He waited; her words were too strange. “You don’t know what you are, Miss Searle.”

“You like the old place then?”

Searle looked at her again in silence. “If I could only tell you!” he said at last.

“Do tell me. You must come and stay with us.”

It moved him to an oddity of mirth. “Take care, take care—I should surprise you! I’m afraid I should bore you. I should never leave you.”

“Oh you’d get homesick—for your real home!”

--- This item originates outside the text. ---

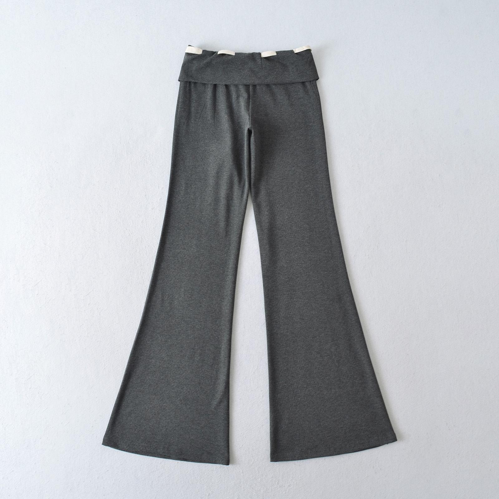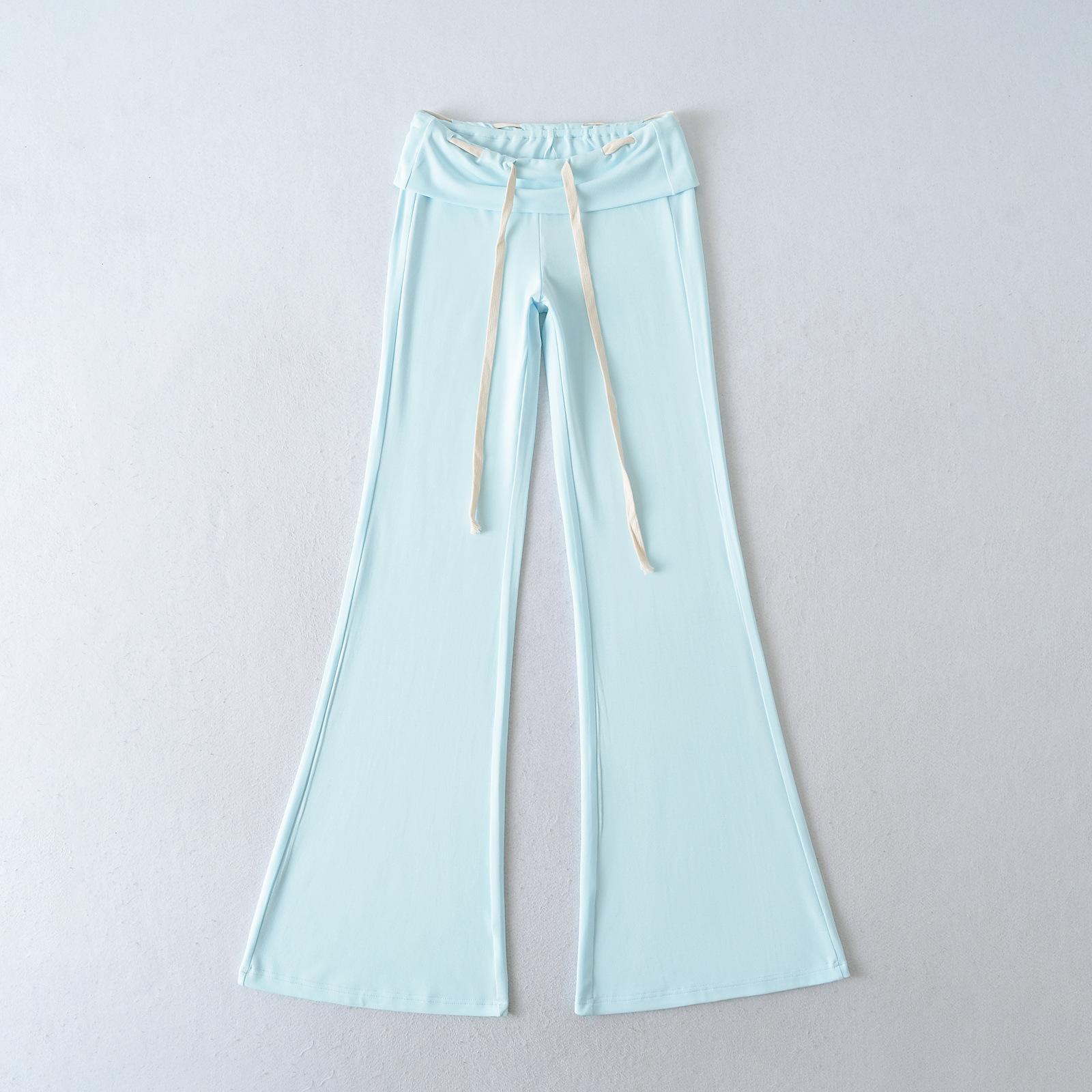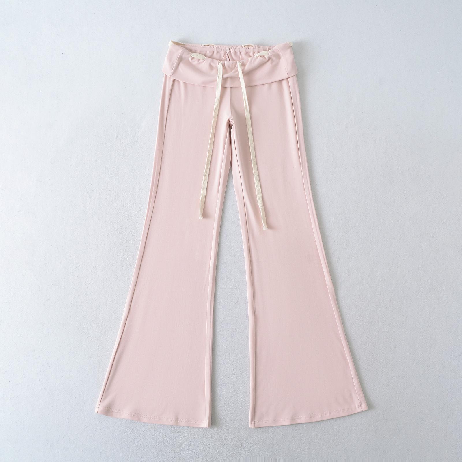 2020-2025 Nuevo Pantalón Acampanado de Cintura Baja con Cordón para Mujer Hot Girl Estilo Europeo y Americano Versátil Pantalón Largo Sexy Pantalón Casual

At this he was still more amused. “By the way, tell Miss Searle about our real home,” he said to me. And he stepped, through the window, out upon the terrace, followed by two beautiful dogs, a setter and a young stag-hound who from the moment we came in had established the fondest relation with him. Miss Searle looked at him, while he went, as if she vaguely yearned over him; it began to be plain that she was interested in her exotic cousin. I suddenly recalled the last words I had heard spoken by my friend’s adviser in London and which, in a very crude form, had reference to his making a match with this lady. If only Miss Searle could be induced to think of that, and if one had but the tact to put it in a light to her! Something assured me that her heart was virgin-soil, that the flower of romantic affection had never bloomed there. If I might just sow the seed! There seemed to shape itself within her the perfect image of one of the patient wives of old.

 

“He has lost his heart to England,” I said. “He ought to have been born here.”

“And yet he doesn’t look in the least an Englishman,” she still rather guardedly prosed.

“Oh it isn’t his looks, poor fellow.”

“Of course looks aren’t everything. I never talked with a foreigner before; but he talks as I have fancied foreigners.”

“Yes, he’s foreign enough.”

“Is he married?”

“His wife’s dead and he’s all alone in the world.”

“Has he much property?”

“None to speak of.”

“But he has means to travel.”

I meditated. “He has not expected to travel far,” I said at last. “You know, he’s in very poor health.”

“Poor gentleman! So I supposed.”

“But there’s more of him to go on with than he thinks. He came here because he wanted to see your place before he dies.”

“Dear me—kind man!” And I imagined in the quiet eyes the hint of a possible tear. “And he was going away without my seeing him?”

“He’s very modest, you see.”

“He’s very much the gentleman.”

I couldn’t but smile. “He’s ALL—”

At this moment we heard on the terrace a loud harsh cry. “It’s the great peacock!” said Miss Searle, stepping to the window and passing out while I followed her. Below us, leaning on the parapet, stood our appreciative friend with his arm round the neck of the setter. Before him on the grand walk strutted the familiar fowl of gardens—a splendid specimen—with ruffled neck and expanded tail. The other dog had apparently indulged in a momentary attempt to abash the gorgeous biped, but at Searle’s summons had bounded back to the terrace and leaped upon the ledge, where he now stood licking his new friend’s face. The scene had a beautiful old-time air: the peacock flaunting in the foreground like the genius of stately places; the broad terrace, which flattered an innate taste of mine for all deserted walks where people may have sat after heavy dinners to drink coffee in old Sevres and where the stiff brocade of women’s dresses may have rustled over grass or gravel; and far around us, with one leafy circle melting into another, the timbered acres of the park. “The very beasts have made him welcome,” I noted as we rejoined our companion.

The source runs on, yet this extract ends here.